- Problem to work on -
What you return should be only the lines in the entries below between the one holding "Velika trajnost. |" and the one holding "Real estate agent", ends included, with every picture left out.

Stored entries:
--------

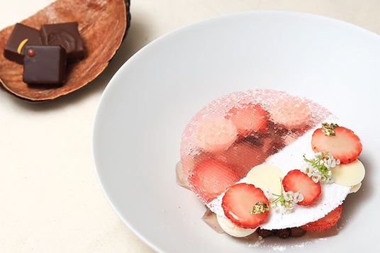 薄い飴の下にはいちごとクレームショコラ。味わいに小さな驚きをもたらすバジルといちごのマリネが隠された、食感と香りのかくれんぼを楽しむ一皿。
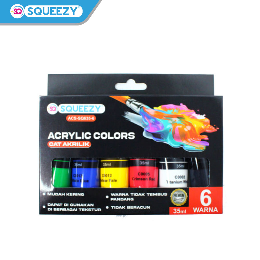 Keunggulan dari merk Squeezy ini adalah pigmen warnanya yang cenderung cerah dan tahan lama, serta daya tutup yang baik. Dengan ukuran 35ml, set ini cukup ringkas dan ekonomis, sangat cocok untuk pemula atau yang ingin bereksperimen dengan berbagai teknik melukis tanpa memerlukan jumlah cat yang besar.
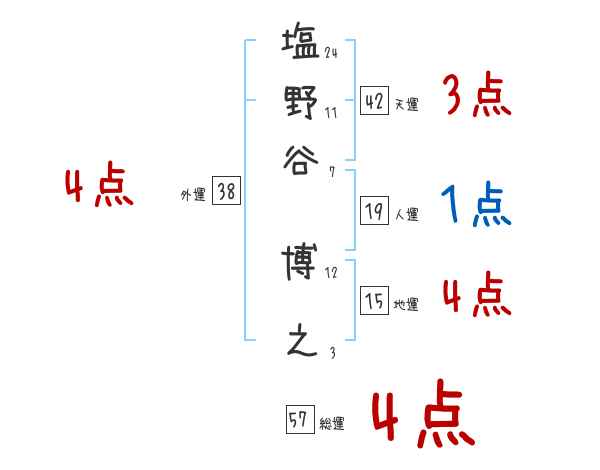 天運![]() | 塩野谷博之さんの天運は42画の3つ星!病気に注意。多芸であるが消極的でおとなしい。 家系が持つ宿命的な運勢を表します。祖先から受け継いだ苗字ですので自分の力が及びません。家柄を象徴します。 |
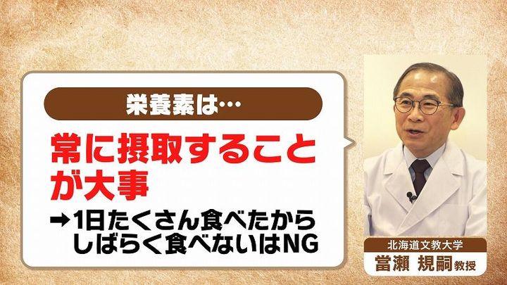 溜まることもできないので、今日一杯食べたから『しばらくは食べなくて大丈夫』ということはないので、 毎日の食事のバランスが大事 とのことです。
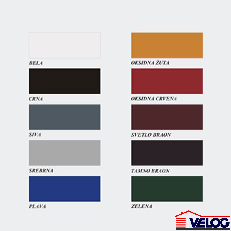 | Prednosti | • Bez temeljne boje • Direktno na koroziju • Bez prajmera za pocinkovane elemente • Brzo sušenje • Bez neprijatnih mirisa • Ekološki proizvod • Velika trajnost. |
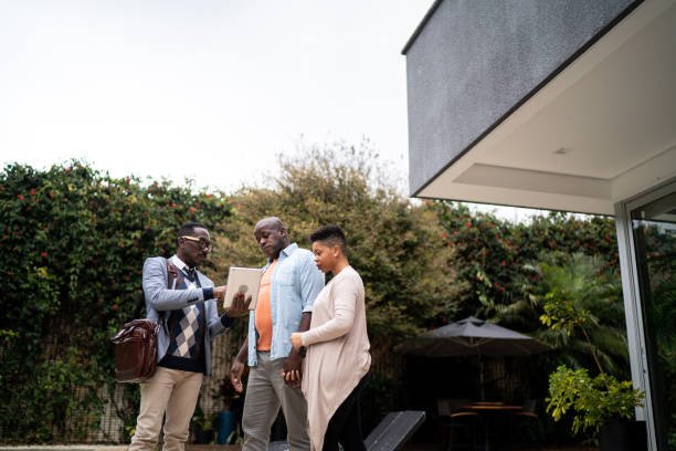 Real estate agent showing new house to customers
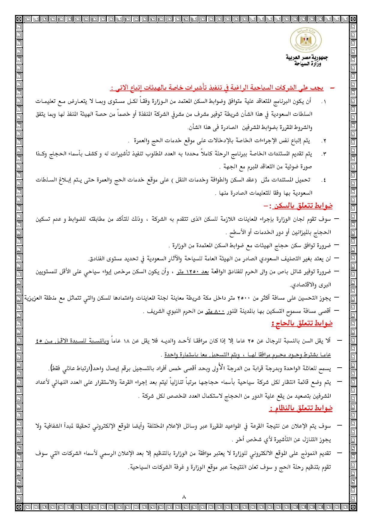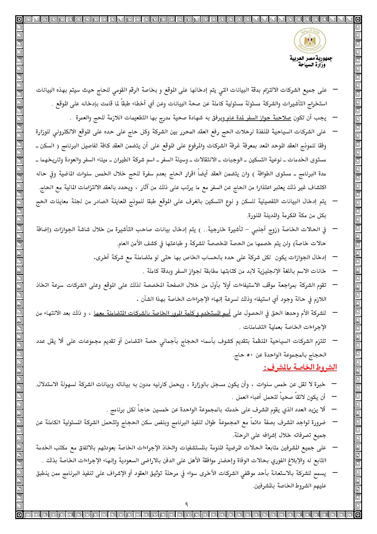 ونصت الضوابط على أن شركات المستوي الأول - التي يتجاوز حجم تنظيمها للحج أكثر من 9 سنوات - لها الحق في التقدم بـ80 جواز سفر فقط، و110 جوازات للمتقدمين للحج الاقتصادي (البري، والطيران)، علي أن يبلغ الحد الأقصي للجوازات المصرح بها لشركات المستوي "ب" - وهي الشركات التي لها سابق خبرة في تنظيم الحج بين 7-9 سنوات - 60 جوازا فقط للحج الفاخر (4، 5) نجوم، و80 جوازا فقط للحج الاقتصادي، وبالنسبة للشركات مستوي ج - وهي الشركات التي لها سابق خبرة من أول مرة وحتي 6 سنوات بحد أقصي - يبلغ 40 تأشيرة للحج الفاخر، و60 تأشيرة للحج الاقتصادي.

--------

- Solution to this problem -
 | Prednosti | • Bez temeljne boje • Direktno na koroziju • Bez prajmera za pocinkovane elemente • Brzo sušenje • Bez neprijatnih mirisa • Ekološki proizvod • Velika trajnost. |
 Real estate agent showing new house to customers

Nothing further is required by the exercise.